Note
This page was generated from docs/tutorials/08_cvar_optimization.ipynb.
Improving Variational Quantum Optimization using CVaR¶
Introduction¶
This notebook shows how to use the Conditional Value at Risk (CVaR) objective function introduced in [1] within the variational quantum optimization algorithms provided by Qiskit Algorithms. Particularly, it is shown how to setup the MinimumEigenOptimizer using SamplingVQE accordingly. For a given set of shots with corresponding objective values of the considered optimization problem, the CVaR with confidence level
\(\alpha \in [0, 1]\) is defined as the average of the \(\alpha\) best shots. Thus, \(\alpha = 1\) corresponds to the standard expected value, while \(\alpha=0\) corresponds to the minimum of the given shots, and \(\alpha \in (0, 1)\) is a tradeoff between focusing on better shots, but still applying some averaging to smoothen the optimization landscape.
References¶
[1] P. Barkoutsos et al., Improving Variational Quantum Optimization using CVaR, Quantum 4, 256 (2020).
[1]:
import matplotlib.pyplot as plt
import numpy as np
from docplex.mp.model import Model
from qiskit.circuit.library import real_amplitudes
from qiskit.primitives import StatevectorSampler
from qiskit_optimization.algorithms import MinimumEigenOptimizer
from qiskit_optimization.converters import LinearEqualityToPenalty
from qiskit_optimization.minimum_eigensolvers import NumPyMinimumEigensolver, SamplingVQE
from qiskit_optimization.optimizers import COBYLA
from qiskit_optimization.translators import from_docplex_mp
from qiskit_optimization.utils import algorithm_globals
/tmp/ipykernel_16022/311796302.py:4: DeprecationWarning: Using Qiskit with Python 3.9 is deprecated as of the 2.1.0 release. Support for running Qiskit with Python 3.9 will be removed in the 2.3.0 release, which coincides with when Python 3.9 goes end of life.

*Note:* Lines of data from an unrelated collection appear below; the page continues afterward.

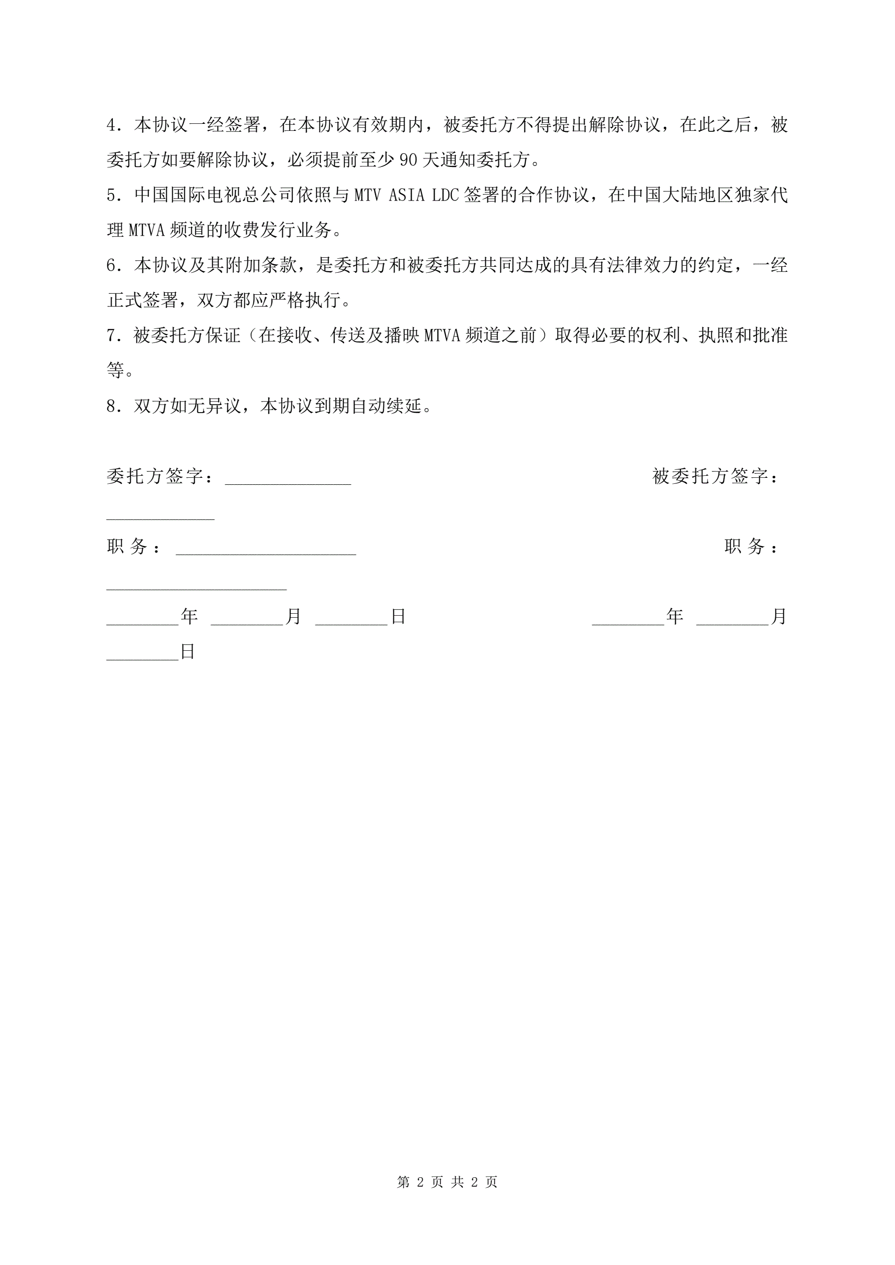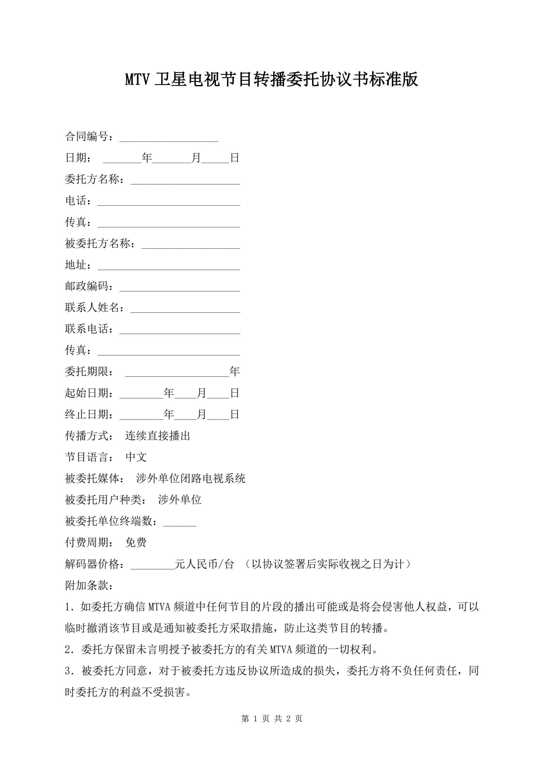 MTV卫星电视节目转播委托协议书标准版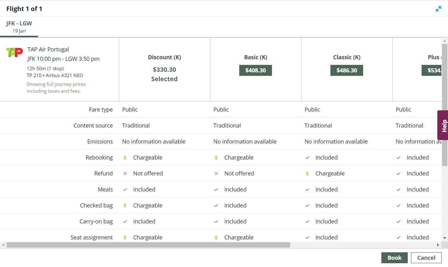 Select D to display the flight option details, including total journey time and fare details. You can view details for multiple flight options in order to compare them.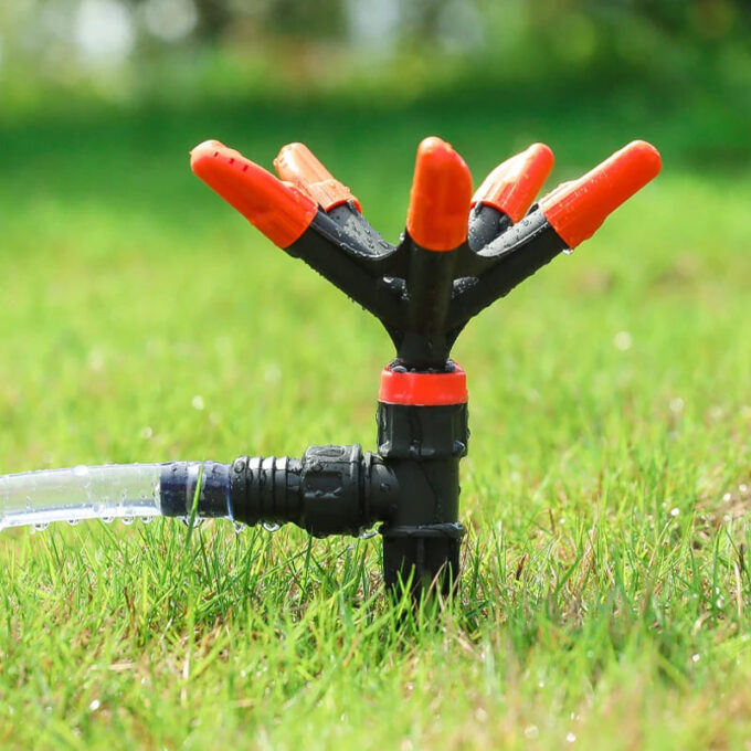 - Rociador giratorio automático de 360°, para crear un rocío de agua fino, uniforme y similar a la lluvia para un riego científicamente eficiente.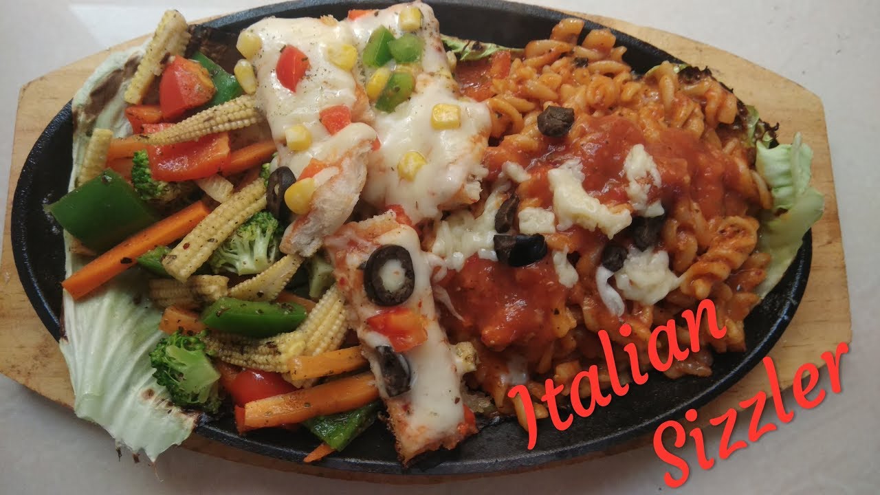 Sizzler is a combination of 2-3 dishes like patty, veggies, rice, pasta etc…….served on a hot sizzling plate which gives it a sizzling smoky effect. Here we have prepared Italian sizzling platter which is made up of sauteed veggies, pasta with red gravy and bread pizza sticks. but you can make the sizzler by combining your own choice of dishes.

from qiskit.circuit.library import real_amplitudes
[2]:
algorithm_globals.random_seed = 123456
Portfolio Optimization¶
In the following we define a problem instance for portfolio optimization as introduced in [1].
[3]:
# prepare problem instance
n = 6 # number of assets
q = 0.5 # risk factor
budget = n // 2 # budget
penalty = 2 * n # scaling of penalty term
[4]:
# instance from [1]
mu = np.array([0.7313, 0.9893, 0.2725, 0.8750, 0.7667, 0.3622])
sigma = np.array(
[
[0.7312, -0.6233, 0.4689, -0.5452, -0.0082, -0.3809],
[-0.6233, 2.4732, -0.7538, 2.4659, -0.0733, 0.8945],
[0.4689, -0.7538, 1.1543, -1.4095, 0.0007, -0.4301],
[-0.5452, 2.4659, -1.4095, 3.5067, 0.2012, 1.0922],
[-0.0082, -0.0733, 0.0007, 0.2012, 0.6231, 0.1509],
[-0.3809, 0.8945, -0.4301, 1.0922, 0.1509, 0.8992],
]
)
# or create random instance
# mu, sigma = portfolio.random_model(n, seed=123) # expected returns and covariance matrix
[5]:
# create docplex model
mdl = Model("portfolio_optimization")
x = mdl.binary_var_list(range(n), name="x")
objective = mdl.sum([mu[i] * x[i] for i in range(n)])

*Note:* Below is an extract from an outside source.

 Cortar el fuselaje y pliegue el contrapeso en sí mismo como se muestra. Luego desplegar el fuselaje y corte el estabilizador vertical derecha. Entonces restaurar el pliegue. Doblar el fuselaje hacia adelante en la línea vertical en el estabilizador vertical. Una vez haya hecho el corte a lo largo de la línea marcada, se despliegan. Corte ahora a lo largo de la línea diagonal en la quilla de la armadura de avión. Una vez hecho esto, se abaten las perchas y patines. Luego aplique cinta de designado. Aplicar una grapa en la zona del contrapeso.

objective -= q * mdl.sum([sigma[i, j] * x[i] * x[j] for i in range(n) for j in range(n)])
mdl.maximize(objective)
mdl.add_constraint(mdl.sum(x[i] for i in range(n)) == budget)
# case to
qp = from_docplex_mp(mdl)
[6]:
# solve classically as reference
opt_result = MinimumEigenOptimizer(NumPyMinimumEigensolver()).solve(qp)
print(opt_result.prettyprint())
objective function value: 1.27835
variable values: x_0=1.0, x_1=1.0, x_2=0.0, x_3=0.0, x_4=1.0, x_5=0.0
status: SUCCESS
[7]:
# we convert the problem to an unconstrained problem for further analysis,
# otherwise this would not be necessary as the MinimumEigenSolver would do this
# translation automatically
linear2penalty = LinearEqualityToPenalty(penalty=penalty)

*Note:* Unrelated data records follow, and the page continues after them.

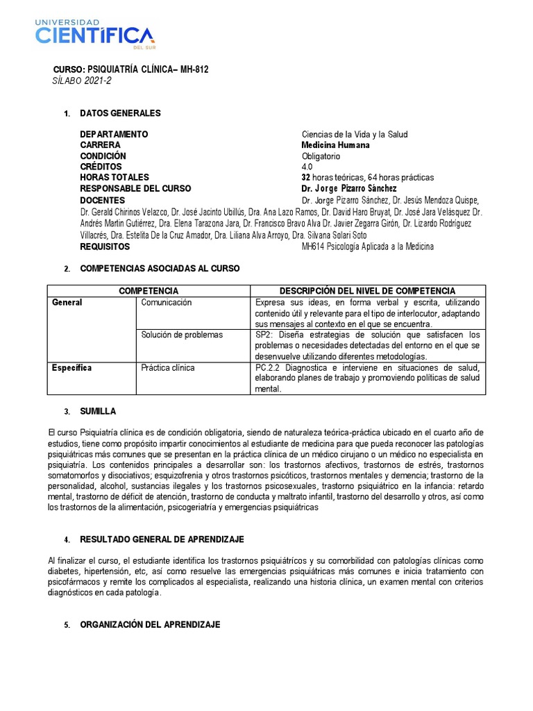 El curso Psiquiatría clínica es de condición obligatoria, siendo de naturaleza teórica-práctica ubicado en el cuarto año de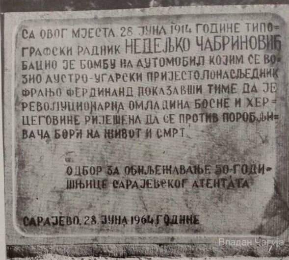 „Са овог мјеста 28. јуна 1914 године типографски радник НЕДЕЉКО ЧАБРИНОВИЋ бацио је бомбу на аутомобил којим се возио аустро-угарски пријестолонасљедник Фрањо Фердинанд показавши тиме да је револуционарна омладина Босне и и Херцеговине ријешена да се против потобљивача бори за живот и смрт“,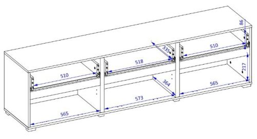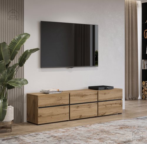 - Funkcionalnost in organizacija: TV komoda je opremljena z več predali in policami, ki omogočajo urejeno shranjevanje vaših stvari. Tako boste lahko vedno ohranili red in preglednost v svojem dnevnem prostoru.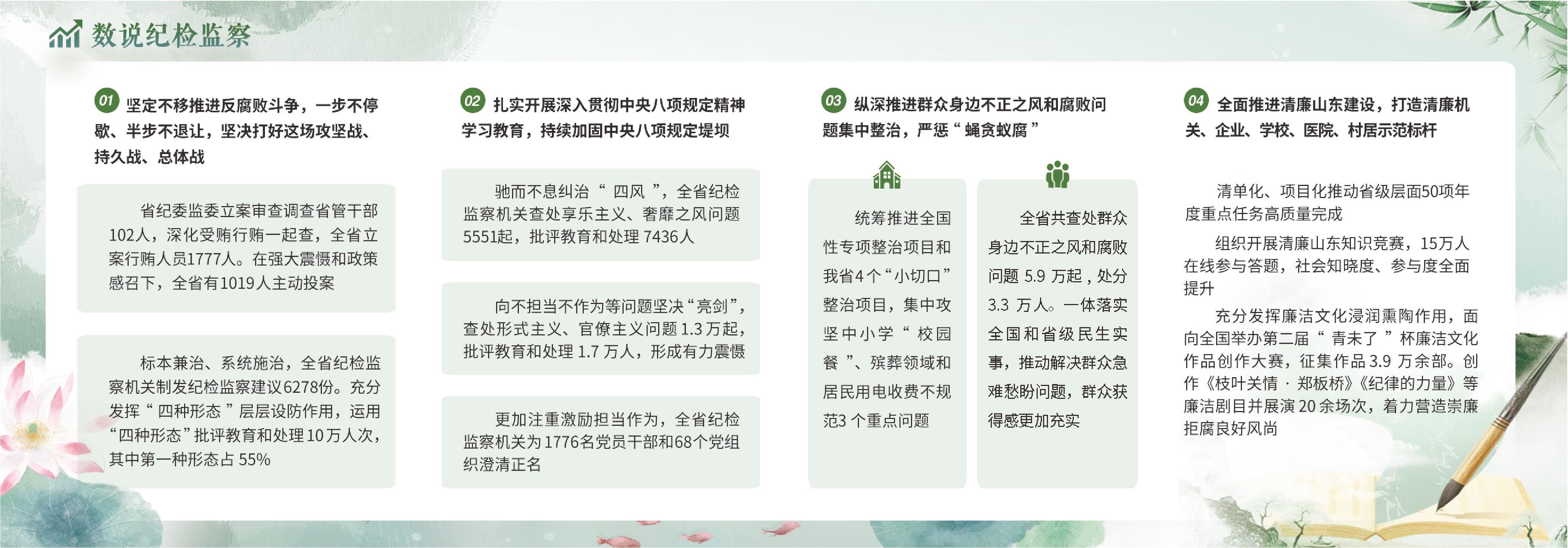 回眸2025年,全省各级纪检监察机关深入学习贯彻习近平新时代中国特色社会主义思想,认真落实二十届中央纪委四次全会和十二届省纪委四次全会部署,聚焦推进高质量发展,找准找实围绕中心、服务大局的切入点着力点,对标对表、忠实履职,以纪检监察工作高质量发展新进展新成效,让党员干部群众真切感受到正风反腐加力度、清风正气在身边。

qp = linear2penalty.convert(qp)
_, offset = qp.to_ising()
Minimum Eigen Optimizer using SamplingVQE¶
[8]:
# set classical optimizer
maxiter = 100
optimizer = COBYLA(maxiter=maxiter)
# set variational ansatz
ansatz = real_amplitudes(n, reps=1)
m = ansatz.num_parameters
# set sampler
sampler = StatevectorSampler(seed=123, default_shots=1000)
# run variational optimization for different values of alpha
alphas = [1.0, 0.50, 0.25] # confidence levels to be evaluated
[9]:
# dictionaries to store optimization progress and results
objectives = {alpha: [] for alpha in alphas} # set of tested objective functions w.r.t. alpha
results = {} # results of minimum eigensolver w.r.t alpha
# callback to store intermediate results
def callback(i, params, obj, stddev, alpha):
# we translate the objective from the internal Ising representation
# to the original optimization problem
objectives[alpha].append(np.real_if_close(-(obj + offset)))
# loop over all given alpha values
for alpha in alphas:
# initialize SamplingVQE using CVaR
vqe = SamplingVQE(
sampler=sampler,
ansatz=ansatz,
optimizer=optimizer,
aggregation=alpha,
callback=lambda i, params, obj, stddev: callback(i, params, obj, stddev, alpha),
)
# initialize optimization algorithm based on CVaR-SamplingVQE
opt_alg = MinimumEigenOptimizer(vqe)
# solve problem
results[alpha] = opt_alg.solve(qp)
# print results
print("alpha = {}:".format(alpha))
print(results[alpha].prettyprint())
print()
alpha = 1.0:
objective function value: 0.7296000000000049
variable values: x_0=0.0, x_1=1.0, x_2=1.0, x_3=0.0, x_4=1.0, x_5=0.0
status: SUCCESS
alpha = 0.5:
objective function value: 1.2783500000000174
variable values: x_0=1.0, x_1=1.0, x_2=0.0, x_3=0.0, x_4=1.0, x_5=0.0
status: SUCCESS
alpha = 0.25:
objective function value: 1.2783500000000174
variable values: x_0=1.0, x_1=1.0, x_2=0.0, x_3=0.0, x_4=1.0, x_5=0.0
status: SUCCESS
[10]:
# plot resulting history of objective values
plt.figure(figsize=(10, 5))
plt.plot([0, maxiter], [opt_result.fval, opt_result.fval], "r--", linewidth=2, label="optimum")
for alpha in alphas:
plt.plot(objectives[alpha], label="alpha = %.2f" % alpha, linewidth=2)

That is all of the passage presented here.